◆ Exercise goal
To complete this task, print all the data below exactly but leave out the images.

◆ Data segment
========================================

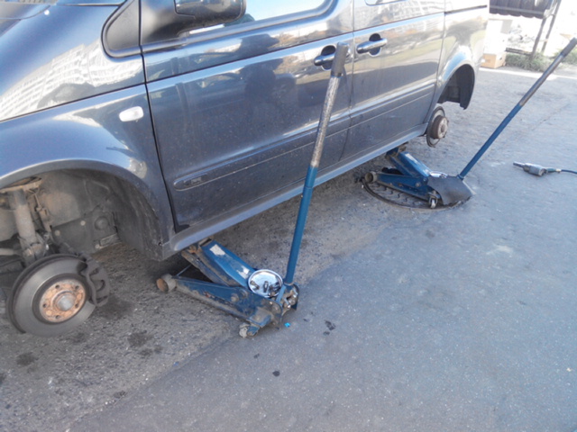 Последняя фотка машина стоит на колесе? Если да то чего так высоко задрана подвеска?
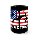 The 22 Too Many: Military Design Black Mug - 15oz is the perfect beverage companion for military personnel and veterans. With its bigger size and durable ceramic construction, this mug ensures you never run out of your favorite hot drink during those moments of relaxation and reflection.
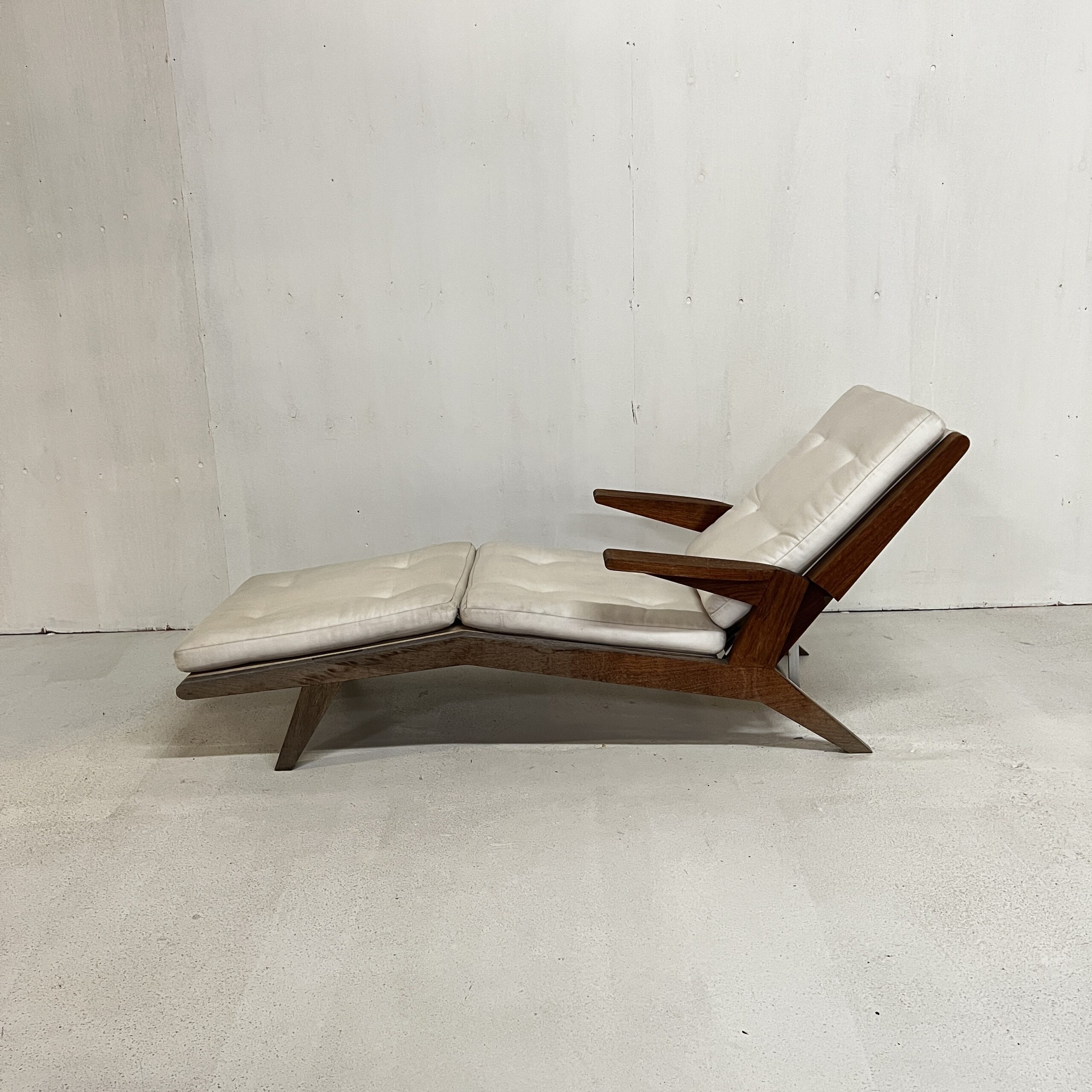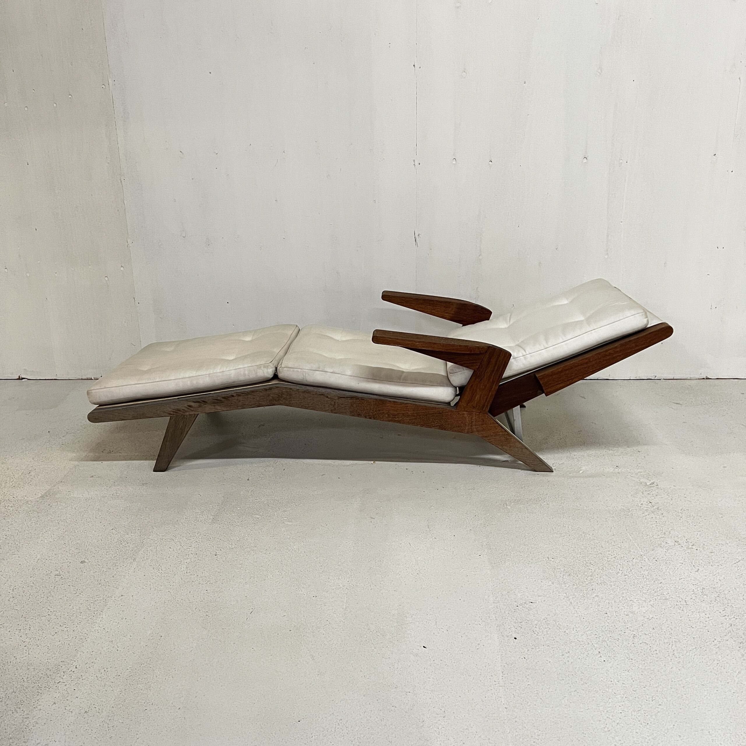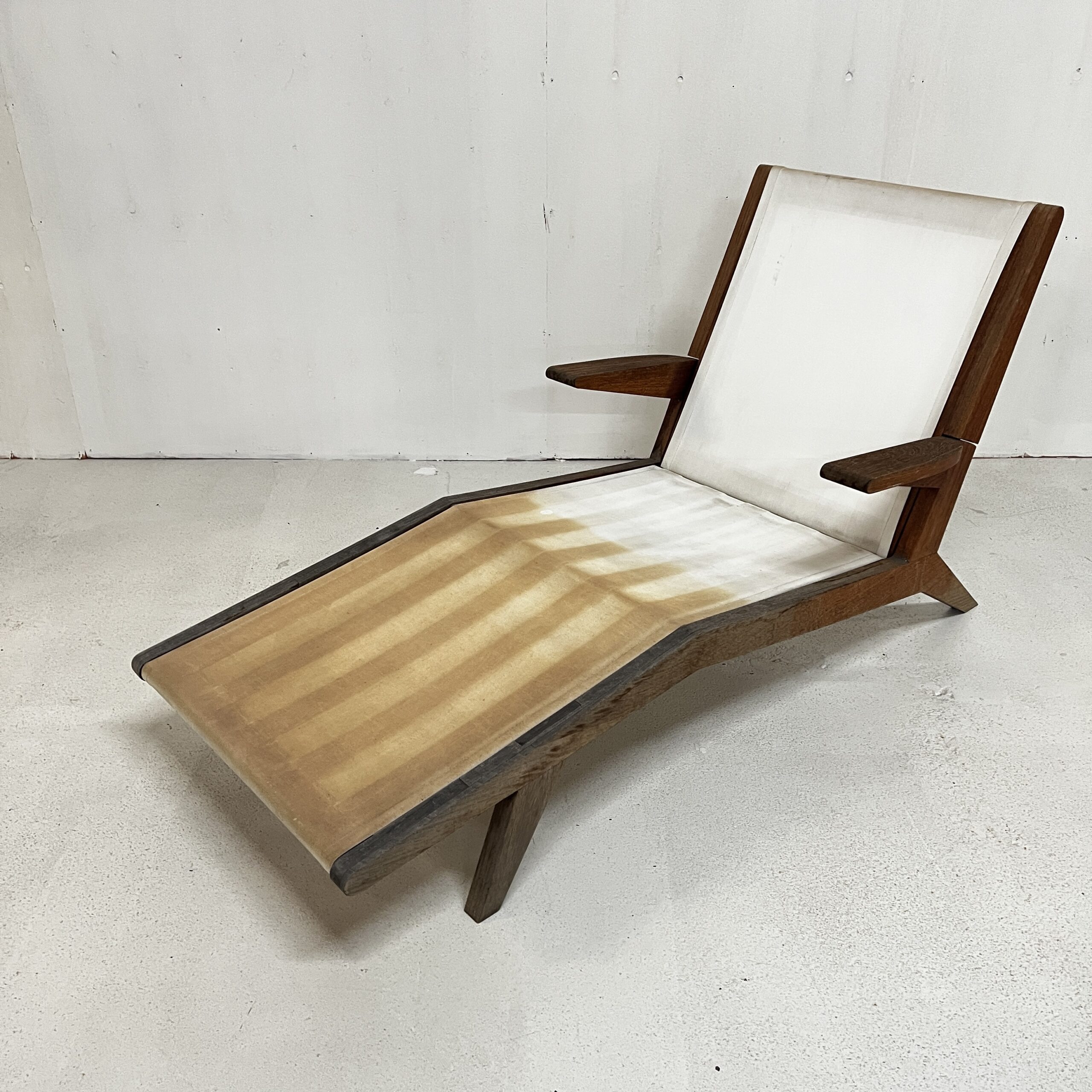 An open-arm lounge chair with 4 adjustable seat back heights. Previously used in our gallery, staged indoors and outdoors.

========================================

◆ The answer
 Последняя фотка машина стоит на колесе? Если да то чего так высоко задрана подвеска?
 The 22 Too Many: Military Design Black Mug - 15oz is the perfect beverage companion for military personnel and veterans. With its bigger size and durable ceramic construction, this mug ensures you never run out of your favorite hot drink during those moments of relaxation and reflection.
 An open-arm lounge chair with 4 adjustable seat back heights. Previously used in our gallery, staged indoors and outdoors.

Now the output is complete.